Exercise aim: Leaving the pictures aside, repeat each line below exactly.
(Provided data Opens)
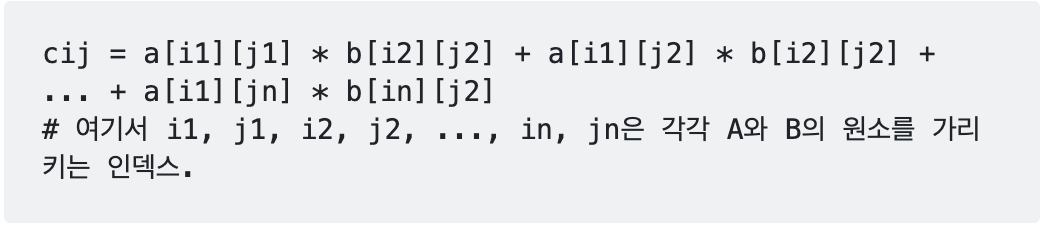 - 행렬 C의 각 원소 cij는 다음과 같이 계산된다.
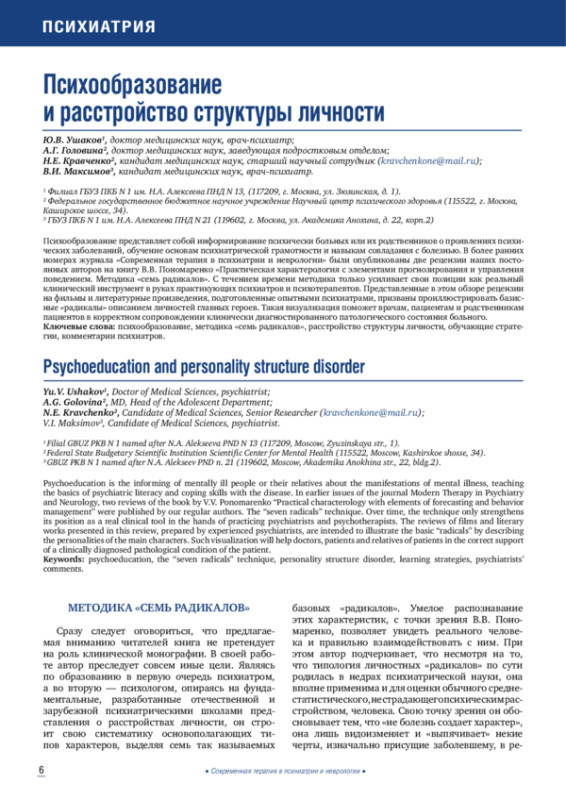 Психообразование представляет собой информирование психически больных или их родственников о проявлениях психических заболеваний, обучение основам психиатрической грамотности и навыкам совладания с болезнью. В более ранних номерах журнала «Современная терапия в психиатрии и неврологии» были опубликованы две рецензии наших постоянных авторов на книгу В. В. Пономаренко «Практическая характерология с элементами прогнозирования и управления поведением. Методика «семь радикалов». С течением времени методика только усиливает свои позиции как реальный клинический инструмент в руках практикующих психиатров и психотерапевтов. Представленные в этом обзоре рецензии на фильмы и литературные произведения, подготовленные опытными психиатрами, призваны проиллюстрировать базисные «радикалы» описанием личностей главных героев. Такая визуализация поможет врачам, пациентам и родственникам пациентов в корректном сопровождении клинически диагностированного патологического состояния больного.
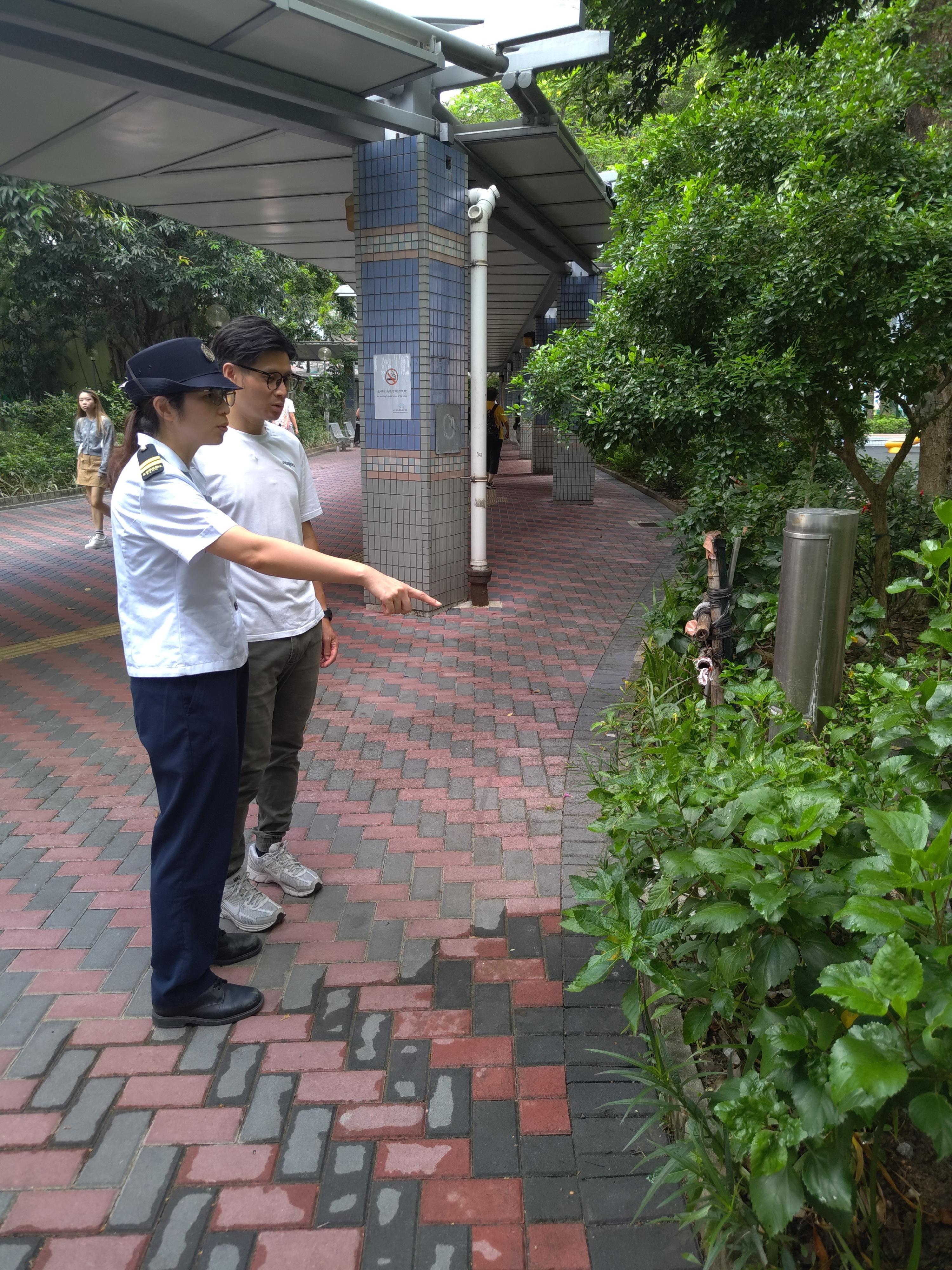 食物環境衞生署(食環署)今日(八月二十六日)公布八月份第八批涵蓋十三個監察地區的白紋伊蚊誘蚊器指數及密度指數。圖示食環署人員巡視深水埗區長沙灣的公共屋邨,提醒物業管理人員加強防控蚊患工作。
(Provided data Closes)
Exercise output:
 - 행렬 C의 각 원소 cij는 다음과 같이 계산된다.
 Психообразование представляет собой информирование психически больных или их родственников о проявлениях психических заболеваний, обучение основам психиатрической грамотности и навыкам совладания с болезнью. В более ранних номерах журнала «Современная терапия в психиатрии и неврологии» были опубликованы две рецензии наших постоянных авторов на книгу В. В. Пономаренко «Практическая характерология с элементами прогнозирования и управления поведением. Методика «семь радикалов». С течением времени методика только усиливает свои позиции как реальный клинический инструмент в руках практикующих психиатров и психотерапевтов. Представленные в этом обзоре рецензии на фильмы и литературные произведения, подготовленные опытными психиатрами, призваны проиллюстрировать базисные «радикалы» описанием личностей главных героев. Такая визуализация поможет врачам, пациентам и родственникам пациентов в корректном сопровождении клинически диагностированного патологического состояния больного.
 食物環境衞生署(食環署)今日(八月二十六日)公布八月份第八批涵蓋十三個監察地區的白紋伊蚊誘蚊器指數及密度指數。圖示食環署人員巡視深水埗區長沙灣的公共屋邨,提醒物業管理人員加強防控蚊患工作。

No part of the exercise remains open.